# Preymantis help - Help buying an orchid mantis..does this site and the name seem ok?



## macro junkie (Oct 27, 2007)

hi there..im after a pink orchid mantis like this one i have posted..I got the pic from another thread on this site..have any of u bought them from here before? on this web site its called Hymenopus Coronatus..Is the the same as in this pic?..

Praying Mantis

Oh 1 other Q..u know these orchid mantis,..when i get one do i need pink plastic flowers in there to enhance the colour?i was reading thats what happens..?over time and shedding it starts to slowly turn slightly like there surroundings..
like i said this isnt my pic but i want one the same as this..


----------



## macro junkie (Oct 27, 2007)

oh and is it true that *Pseudocreobroter whalbergi* is also a flower mantis like the orhid one?if so il buy them both tomorow..


----------



## Mark75 (Jan 21, 2007)

I think you posted this in the wrong place. Maybe a mod would be kind enough to move it to the invert section and we can then help you out.


----------



## t-bo (Jan 26, 2005)

Moved... 

That is an amazing picture!! 

*the aliens have landed*


----------



## Spikebrit (Oct 23, 2006)

as far as i know that latin name for *Orchid Mantis* is indeed Hymenopus Coronatus tho im not the best with latin names so wait till somone else can double check this.

there a georgious mantis btw, tho need to be kept warmer then other mantis incase you didnt know that already. 

Jay


----------



## Mark75 (Jan 21, 2007)

You are quite correct Jay on the latin name. I have quite a few of these and they all do well at room temp with no extra heating and I spray them lightly every 2-3 days.

They are very voracious feeders and will quite happily take on flying prey insects double their size.

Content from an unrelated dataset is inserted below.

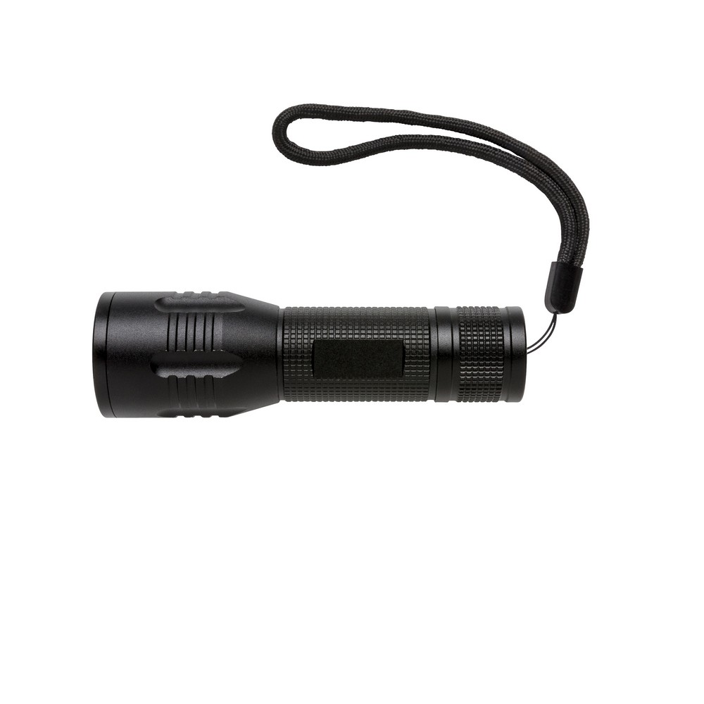 Latarka CREE 3W o bardzo jasnym świetle, wykonana z trwałego aluminium, 100 lumenów, czas pracy do 6 godzin, baterie w komplecie, ślad węglowy produktu: 1,48 kg CO2
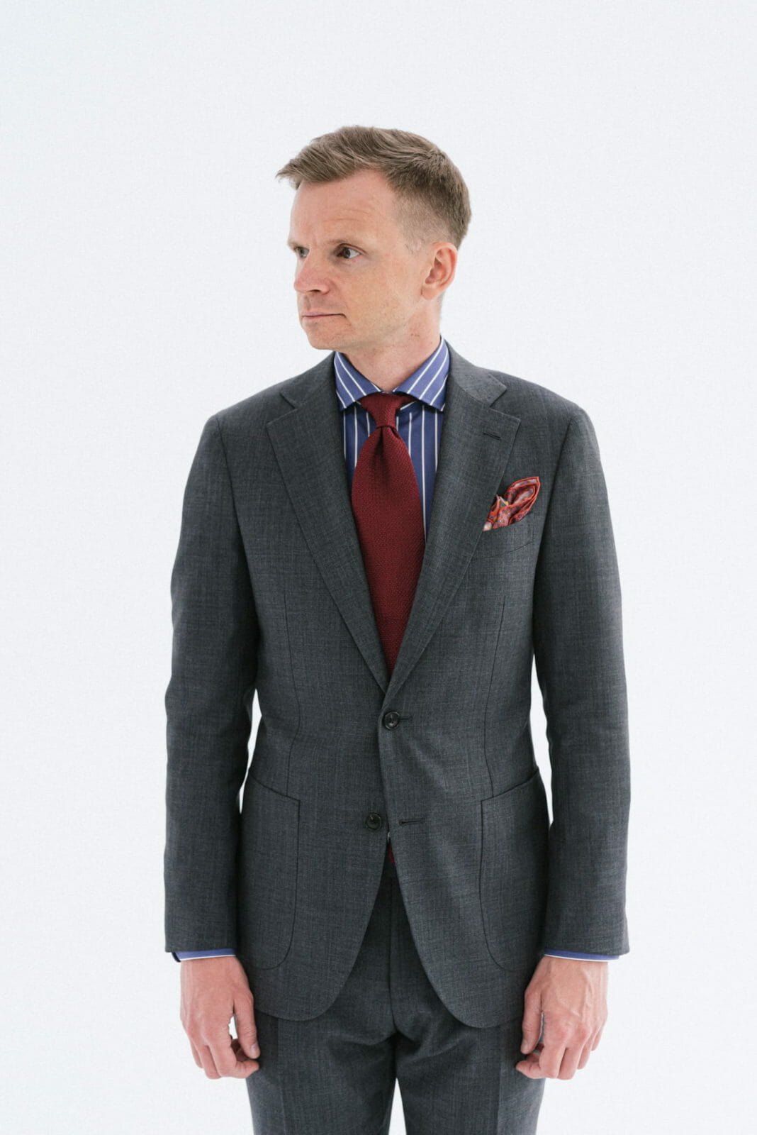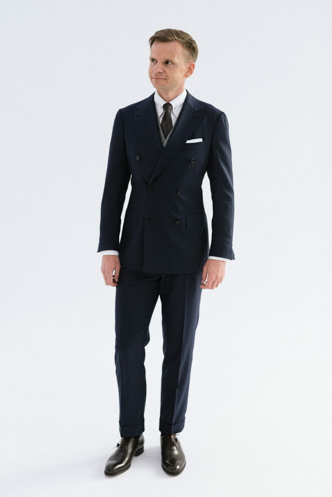 Dwurzędowy garnitur z mocnym wcięciem w talii to klasyk brytyjskiego krawiectwa. My połączyliśmy ten fason z bardzo lekką konstrukcją i włoskimi detalami. Efektem jest doskonały balans, dlatego model Gianni powraca do naszej oferty. Oczywiście w odświeżonej wersji.

Very small and pretty mantids.


----------



## Spikebrit (Oct 23, 2006)

They;re a mantis i keep meaning to try but i never get round to getting one as i always get distracted by somthing else, recently its been beetles and amphibians lol. 

jay


----------



## Dilster (Mar 20, 2007)

Bugzuk is a very good website/business , Martin is a good bloke and I have bought all of my mantids from there - no probs !


----------